La spiaggia segreta by Karen Swan

La spiaggia segreta by Karen Swan

autore:Karen Swan [Karen Swan]
La lingua: ita
Format: epub
editore: Newton Compton Editori
pubblicato: 2021-06-14T22:00:00+00:00


Capitolo diciassette

«È la tata».

«È brava?»

«Si è montata la testa. Continua a passare il segno».

«Vuoi dire che non si prostra davanti a te? Buon Dio, sarebbe la prima».

«Non capisce che ci sono dei limiti», ribatté lui piccato.

Nina si girò dando le spalle alla finestra e sorrise. «Oh, è per questo che stava correndo nuda nel corridoio, allora?».

Lui le lanciò un’occhiataccia. Il sarcasmo era l’atteggiamento naturale di sua sorella. «Non essere ridi…».

«Emil, rilassati», disse lei ridendo. «Ti sto prendendo in giro. Sul serio, perché sei così teso, oggi?».

Lui non rispose.

Nina andò a sedersi sulla panca di legno. Era più comoda di quanto sembrasse, poiché le proporzioni erano ben studiate e il legno dei braccioli quasi morbido al tatto dopo secoli di carezze distratte. «Vieni a sederti.
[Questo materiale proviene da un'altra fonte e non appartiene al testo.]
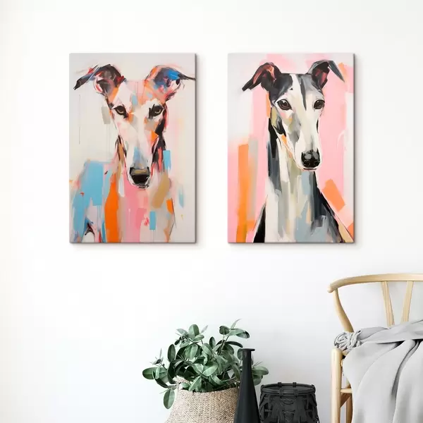 Pictură pe pânză Un câine greyhound, pictat cu culori vibrante precum portocaliu, roz și albastru, pe un fundal alb simplu Nr m00652
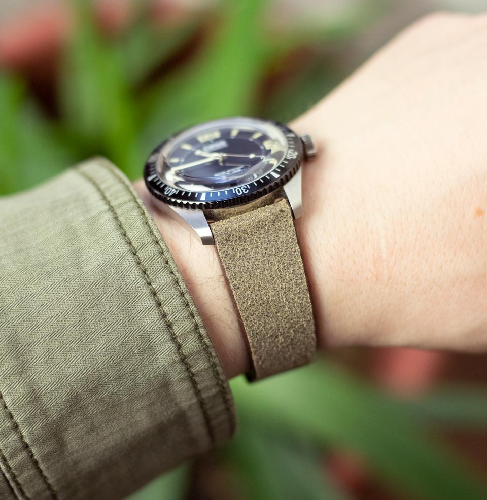 The Hoyt is a minimal but rugged strap made out of a super-tough, matte leather, with a waxy “vintage” character. Extremely earthy, this leather has a unique faded tonality and ability to scar, and scratch allowing it to wear in interesting ways. Designed for modern tool watches and vintage sport watches, the Hoyt is the perfect match for watches with some wear and patina.

Voglio sapere tutto. Com’è andata finora?».

Emil la guardò, sopraffatto da una moltitudine di emozioni. Non riusciva a sceglierne una da usare come punto di partenza per il suo racconto. «Non lo so».

«Che cosa significa “non lo so”?».

Lui fece spallucce e proprio in quel momento Måns entrò con il suo tempismo innato, posando il vassoio del tè e cominciando a versare.

«Be’, ti ha riconosciuto?»

«No».

«Per niente?».

Lui scosse la testa e guardò fuori dalla finestra, per evitare i suoi occhi indagatori. Si accorse solo dopo qualche istante che Måns gli stava porgendo la tazza di tè. «Grazie».

«Be’, non essere sorpreso. Quanto aveva, tre anni?»

«Due anni e quattro mesi».

«Giusto», riprese lei lentamente. «Quindi è del tutto normale. Tanto più se consideriamo che Hanna non ha ritenuto opportuno mantenerti parte della sua vita, con visite in ospedale o fotografie…».

«Stava cercando di proteggerlo».

Lei inarcò le sopracciglia, uno dei tratti più affascinanti del suo viso. Conferivano al suo volto eleganza e fierezza, simili a pantere dormienti, seriche e vigorose. «Oh. Adesso siamo dalla sua parte, vero?».

Lui sospirò e Nina lo scrutò con gli occhi socchiusi, esaminandolo con quella vista ai raggi X che possedeva fin dall’infanzia. «Per la cronaca, fratellino, io sono dalla tua, chiaro?». Gli fece l’occhiolino e si appoggiò allo schienale. «Allora, com’è andata da quando è arrivato qui? Adorerà questo posto, no?»

«È taciturno. Parla solo se interrogato. E riesce a malapena a guardarmi».

«Be’, non è facile guardarti… Santo cielo, era una battuta!». Sospirò, sbirciandolo dall’orlo della tazza. Emil capì che aveva intenzione di continuare a prenderlo in giro e a stuzzicarlo per farlo uscire dal malumore. Soltanto lei aveva quell’abilità, da quando erano piccoli; ma non aveva proprio voglia di scherzare in quel momento.

«È tutta colpa sua».

«Di chi? Di Hanna? Oh, intendi della tata, vero?»

«Si sta mettendo in mezzo. Non posso passare del tempo da solo con lui. Come faccio a st-stendere un legame…».

«Stringere».

Lui aggrottò la fronte. «Che hai detto?»

«Si dice “stringere un legame”. Non stendere».

«Oh». Si soffermò brevemente sull’informazione, riformulando la parola. «Insomma, come faccio se lei è sempre tra i piedi? È ovvio che lui preferisce stare con lei. La conosce».

Nina sospirò. «Per favore, siediti, Emil. Sei agitato e sai che non ti fa bene».

Lui fece come le aveva detto: la disperazione lo rendeva docile.

«Come vanno i mal di testa?», chiese lei corrugando la fronte.